The eight student plaintiffs are suing the school’s board of trustees. The suit also argues the right to reject medical treatment and violation of state law against Covid vaccine passports.
Although Indiana banned government-issued Covid vaccine passports, the ban does not apply to universities and colleges.
According to NPR, the legal issues vary state to state, but nationally, there’s a long history here of colleges and universities requiring vaccines – including the vaccine that protects against measles, mumps and rubella. A survey of colleges found 87.5% required it.
Mike Vernick at Akin Gump, a law firm representing colleges and universities, told NPR: “Given the cultural and political sensitivity around vaccine mandates, I don’t think that you’re going to be able to inoculate yourself from lawsuits. But, that said, I think they stand a good chance of surviving challenges.”
In April, the Chronicle of Higher Education reported that lawmakers, mostly Republicans, in almost half the U.S. states have proposed bills that would prohibit requiring vaccines of workers, saying that should be a matter of personal choice.
“Legal analysts say those state bills might face court challenges if they pass, because they conflict with employers’ responsibility to keep workplaces safe,” the Chronicle wrote. “Such laws probably wouldn’t prevent private colleges from eventually requiring vaccination, but they could pose legal conundrums for public colleges. Those usually follow local, state, and CDC health guidelines, says Scott Schneider, a partner with the law firm Husch Blackwell.”
College administrators agreed that the best case would be if voluntary-vaccination rates are so high that these problems don’t arise and colleges don’t have to go down legal rabbit holes to keep their campuses safe.

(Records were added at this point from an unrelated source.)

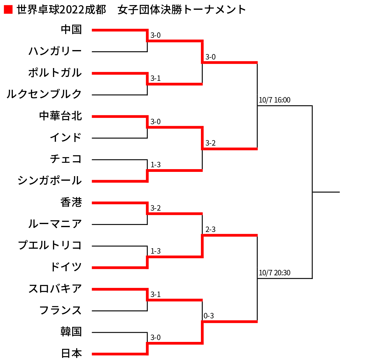 準々決勝もベストメンバーで臨んだ中国チームは、ポルトガルチームに一度もリードを奪わせない試合展開で完璧にシャットアウトしました。中国はおそらく決勝までこのベストメンバーで臨むのでしょう。陳夢、王曼昱、孫穎莎の3人は、全員がスピードとパワーを兼ね備えており、今のところすきが見当たりません。
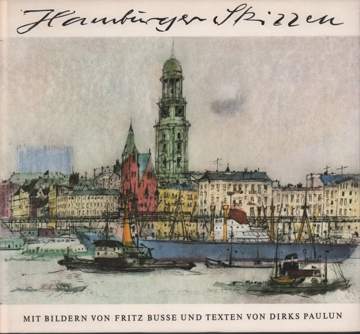 Außentitel: "Hamburger Skizzen. Mit Bildern von Fritz Busse und Texten von Dirks Paulun". - Bildlegenden dt./engl./franz. - Der 1903 in Österreich geb. Künstler Fritz Busse vertrat die Leichtigkeit, Luftigkeit u. Heiterkeit der Illustration der 1950er u. 1960er Jahre, die uns etwa in Mirko Szewczuks oder Raoul Dufys Arbeiten begegnen. Der ebenfalls 1903 (in Shanghai) geb. Dirks Paulun (gest. 1976) gründete mit Hans Harbeck u. Carl Bay das Kabarett "Wendeltreppe", zu dem später auch Heinz Erhardt stieß. Seine meist in Missingsch verfassten Gedichte, Kolumnen u. "Döntjes" brachten ihm den Beinamen "Eulenspiegel der Waterkant" bei. - Rücken leicht gebräunt, sonst gutes, sauberes Exemplar
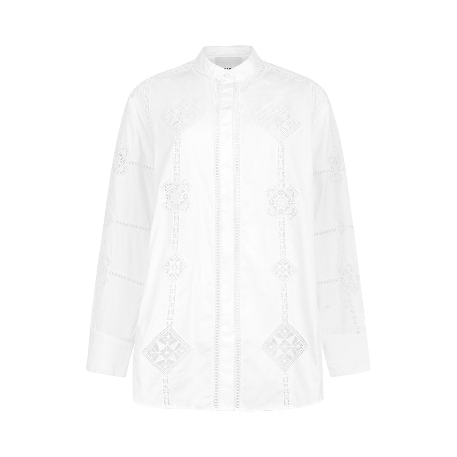 Isabel Marant White Soeline Shirt. White cotton shirt with concealed front button fastening, buttoned cuffs, embroidered motif, long sleeves.
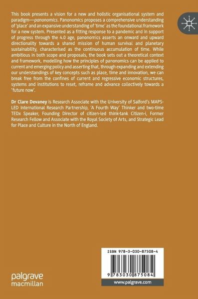 This book presents a vision for a new and holistic organisational system and paradigm-panonomics. Panonomics proposes a comprehensive understanding of 'place' and an expansive understanding of 'time' as the foundational framework for a new system. Presented as a fitting response to a pandemic and in support of progress through the 4.0 age, panonomics asserts an onward and upward directionality towards a shared mission of human survival and planetary sustainability, characterised as the continuous accumulation of time. While ambitious in both scope and proposals, the book sets out a theoretical context and framework, modelling how the principles of panonomics can be applied to current and emerging policy and asserting that, through expanding and extending our understandings of key concepts such as place, time and innovation, we can break free from the confines of current and regressive economic structures, systems and institutions to reset, reframe and advance collectively towards a 'future now'.
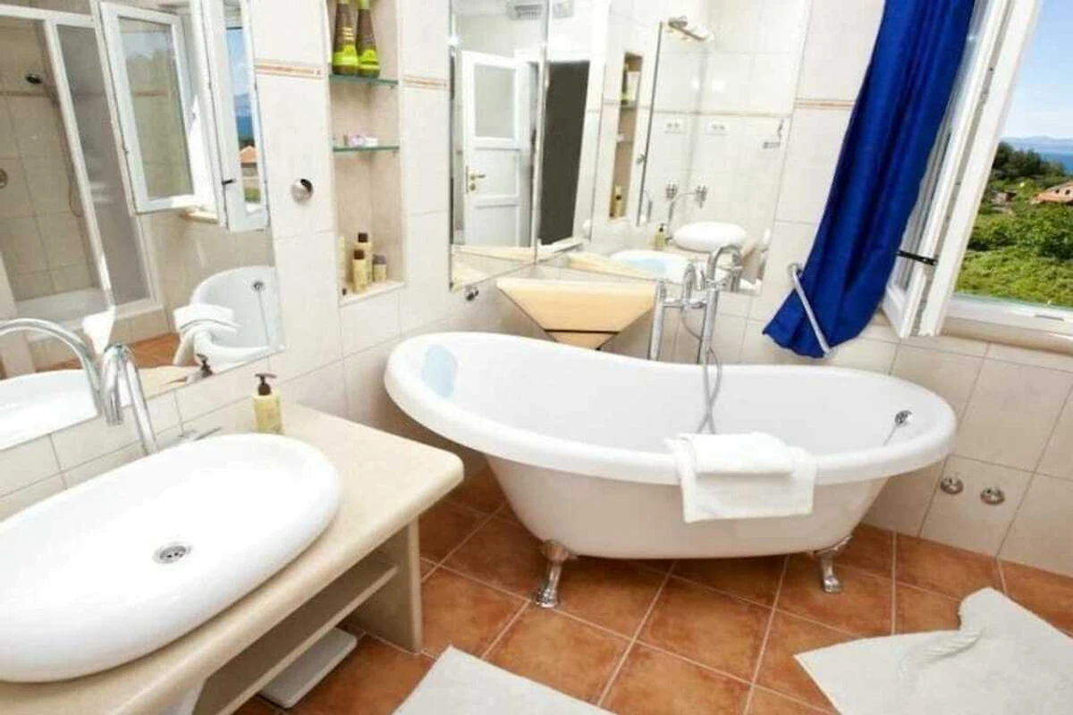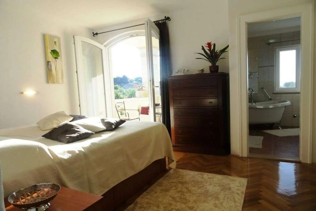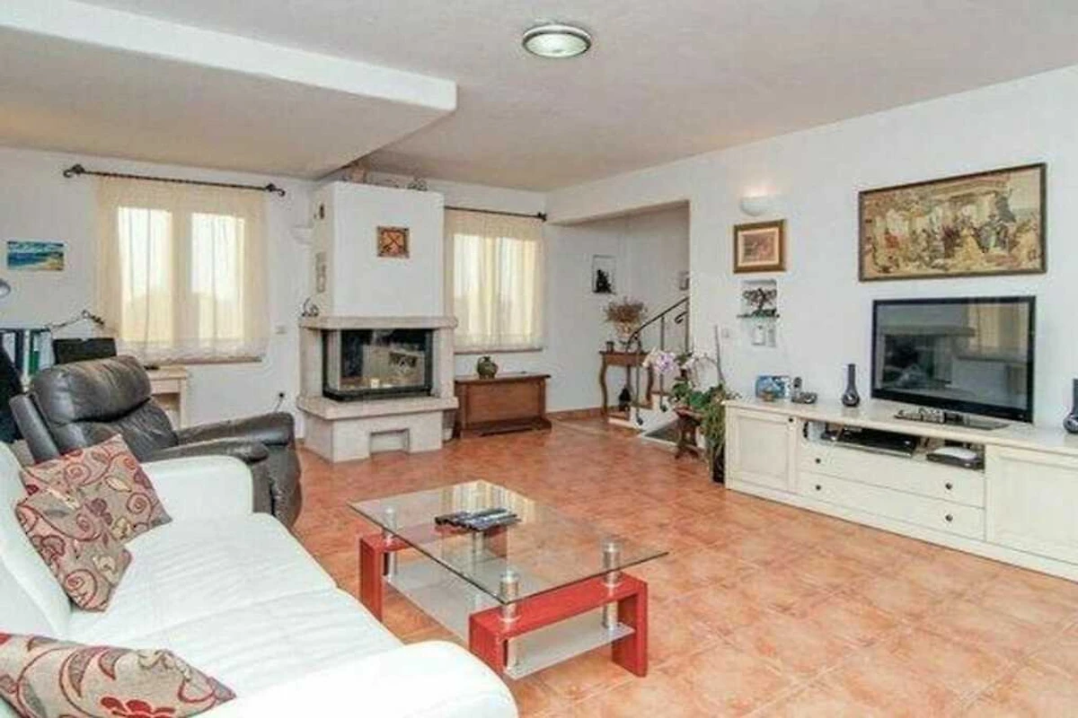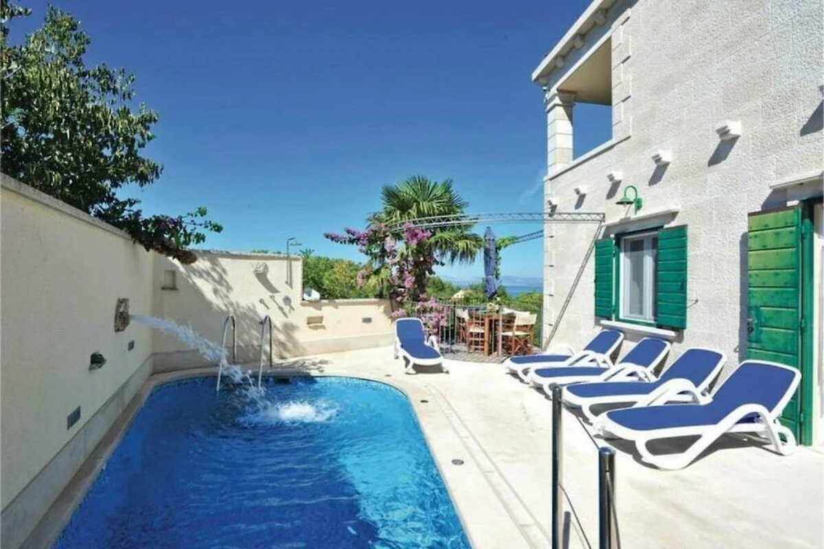 Das Wohnzimmer ist durch Fenstertüren von einer wunderschön angelegten Terrasse mit Gartenmöbeln getrennt, ein perfekter Ort, um einen Morgenkaffee im Schatten zu trinken. In diesem Bereich gibt es einen Außengrill, auf dem Sie verschiedene dalmatinische Spezialitäten zubereiten können. Hier ist die Sauna für 2-3 Personen. In der Nähe des Eingangs zur Sauna befinden sich 2 Duschen, von denen eine als Wasserfall gestaltet ist. Hier ist eine weitere Terrasse mit Gartenmöbeln.
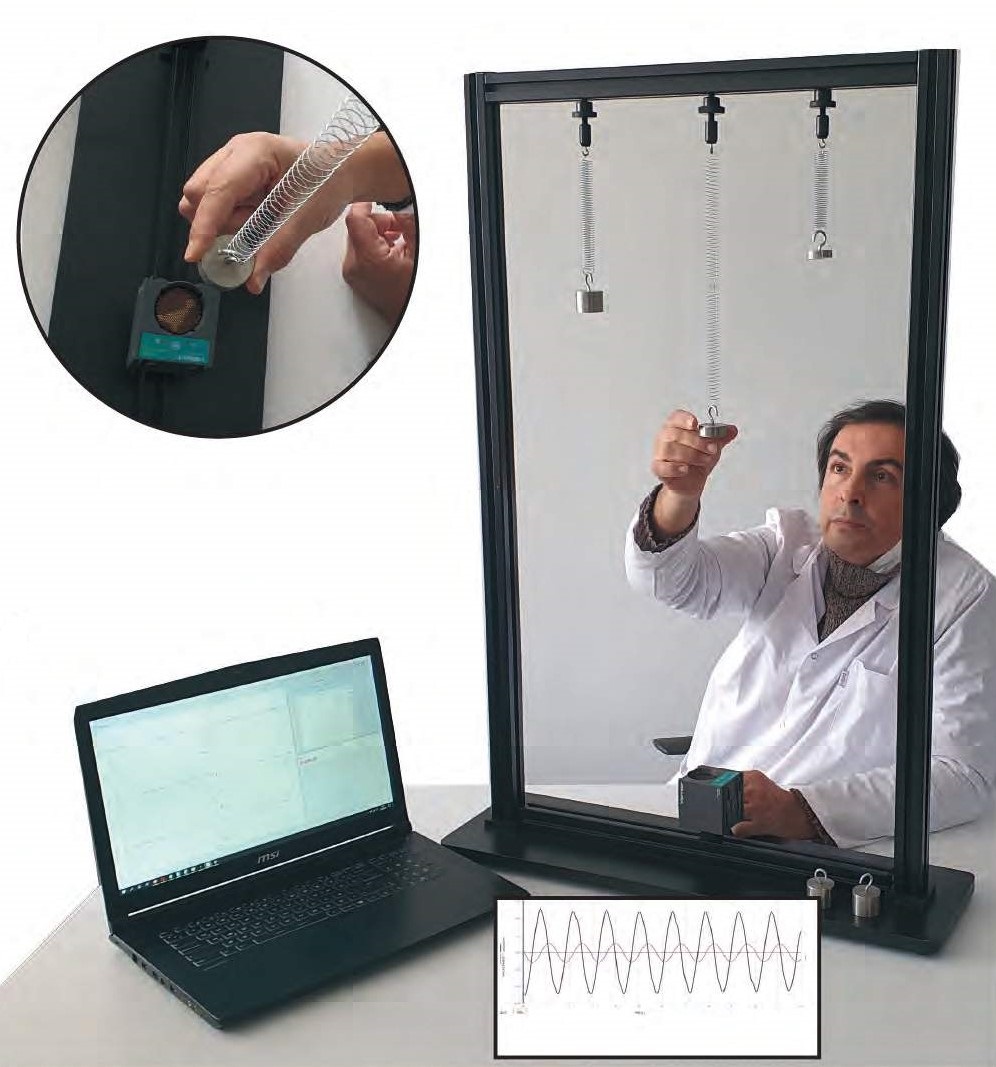 The datas are transfered to computer / tablet / mobile phone wireless with Vernier Go Direct Motion Detector. Constants of different types of springs can be calculated by using height measurement apparatus.
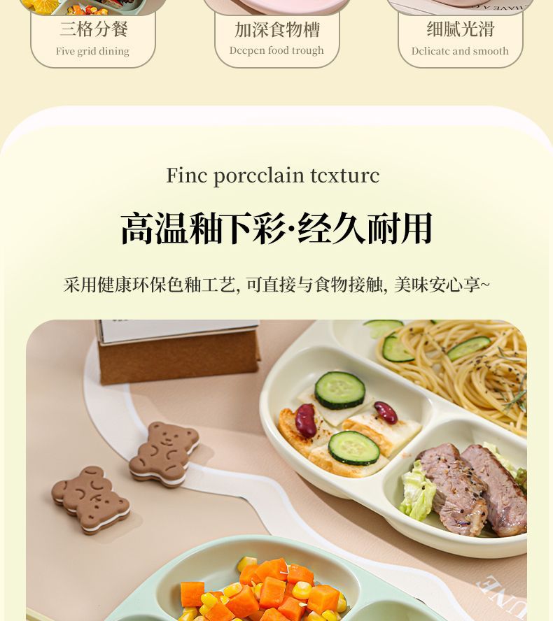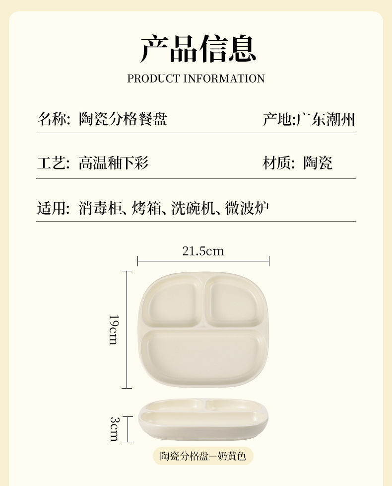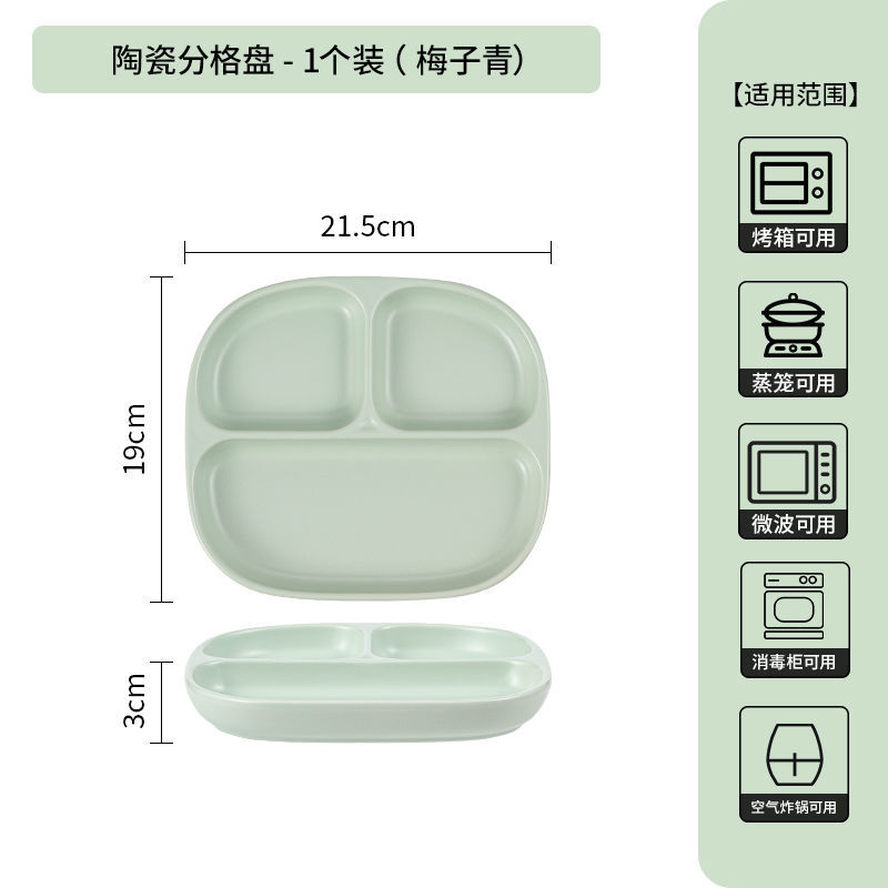 211 세라믹 칸막이 접시, 1인용 식기, 가정용 정량 지방 감량 3칸 디너 접시, 아침 식사 분리 유약 색상스토어 가기

As Broadway prepares for a fall reopening, the “Hamilton” producer Jeffrey Seller said in May he will mandate that all of his show’s employees, including the cast and the backstage crew, be vaccinated against the coronavirus.
Seller was the first producer to make such a declaration publicly, and it is not clear whether any of Broadway’s many labor unions could or would challenge such an effort, according to The New York Times. “Hamilton” – which will reopen on Sept. 14 in New York – will not require patrons to be vaccinated.